Во всём доме не оказалось стульев, потому мы сидели на полу, разложив между собой «чайный сервиз». Жилище в принципе не выделялось шиком. Здесь не было ни кухонного гарнитура, ни телевизора, ни кресел, ни дивана. Возможно, это место выполняло роль офиса или что-то вроде того.

— Так как нелёгкая занесла в эти края? Я тебя здесь не видела раньше.

— Всё тебе расскажи! Мы с тобой знакомы от силы полчаса.

— Брось, милый, мне кажется, целую вечность, — чертовка ехидно усмехнулась.

— Я пишу.

— Журналист? Такой молодой, а уже пробился в люди?

— Не совсем. Совсем нет. Я пишу книгу. Уже второй год.

— Даже так! И много написал?

— В этом то и проблема. Там, откуда я приехал, не до писанины.

— Бродячий писатель? Мне это нравится! — перебила Кира, вновь оскалив клыки. — И что же сподвигло тебя на нищенское существование писаки?

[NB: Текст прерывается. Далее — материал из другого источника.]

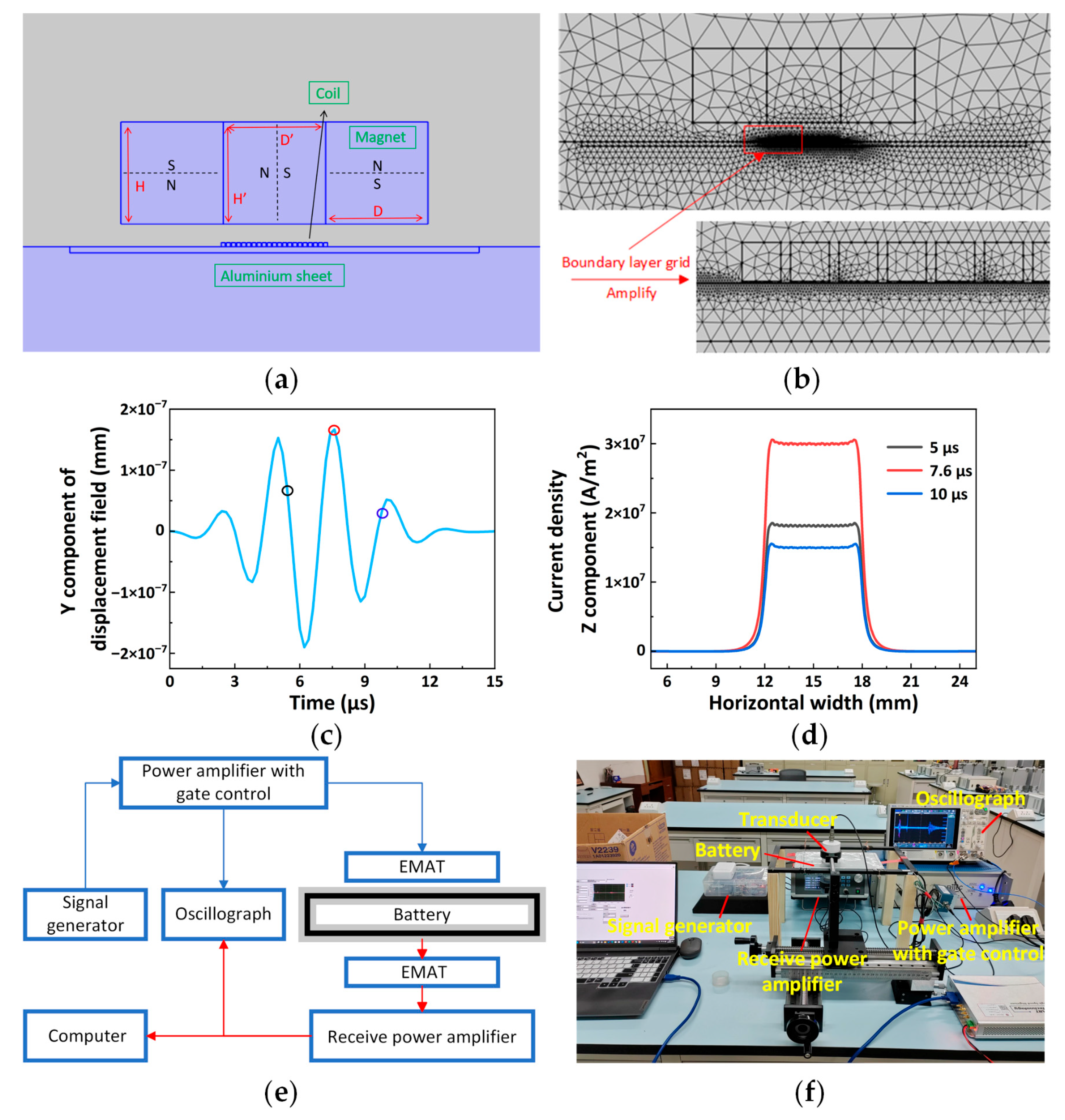 Based on the internal ultrasonic transmission characteristics of LIBs and the principle of electromagnetic ultrasonic excitation, an EMAT for battery detection is designed. This structure integrates magnets, coil configurations, and matching circuits. Finite element modeling and simulation methods are employed to optimize the static magnetic field strength and eddy current distribution density, significantly enhancing the transducer’s performance. By comparing the received signals of the probe before and after optimization, the impact of parameter optimization on the amplitude of the detection signal is quantitatively verified.

— Чёрт его знает. Я был и фермером, и почтальоном, отучился пару лет в колледже, который с успехом забросил, выезжал в столицу в поисках заработка, но всё равно возвращался к перу. Люди говорят: «Остепенись, парень, зачем тебе это? Не всем дано, да и книг уже написано на десять поколений вперёд», а я отвечаю: «Идите к чёрту, просто идите к чёрту! Я сам разберусь, уже не мал, уже самодостаточен».

— А, быть может, ты просто мудак?

— Действительно, — я поднял бокал, — за мудаков!

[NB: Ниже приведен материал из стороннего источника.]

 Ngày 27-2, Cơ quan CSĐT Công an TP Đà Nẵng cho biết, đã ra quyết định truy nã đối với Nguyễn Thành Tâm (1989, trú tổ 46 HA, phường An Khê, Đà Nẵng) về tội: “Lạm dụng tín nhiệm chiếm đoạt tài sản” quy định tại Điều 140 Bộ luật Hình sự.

Звон бокалов повторялся из раза в раз. Мы хмелели, трезвели, опустошали бутылку за бутылкой, жгли раковые палочки, смеялись, рассказывали друг другу свои жизни.

— Мне завтра нужно съездить в соседний городок.

— За городом тариф выше?

— Идиот.

— Извини.

— Можешь остаться, тебе ведь некуда идти.

— А как же твои клиенты?

— Я найду компромисс, не волнуйся. Только никаких шлюх и наркоты!

Я засмеялся. Мы засмеялись. Мне определённо нравился её стиль.

— Одно условие: прочти мне свои записи.

— Идёт! Только сперва надо бы привести их в порядок. Трудно будет воссоздать хоть мало-мальски ровную структуру повествования из всех этих перепутанных обрывков. И, знаешь, я ещё никому не показывал своё детище.

— Большая честь, господин писатель! — в воздухе повис очередной бокал.

Болтовня продолжалась до глубокой ночи и завершилась делом.

К обеду я проснулся один. В воздухе стоял еле слышный запах духов. За окном прела груша, окутанная стаей перелётных птиц. Старина Иисус вновь занимал своё место и смотрел на меня с печалью и порицанием. На столе лежала записка: «Захочешь есть — приготовь».

Я оценил заботу и начал думать, чем занять себя в ближайшие пару часов. Решил продолжить писать. За полчаса выжал около двух строчек. Закрыл блокнот. Открыл холодильник. Вытащил пару куриных яиц и небольшой томат, пачку молока и остатки рафинированного подсолнечного масла. Как оказалось, повар из меня не ахти, зато пироман от бога.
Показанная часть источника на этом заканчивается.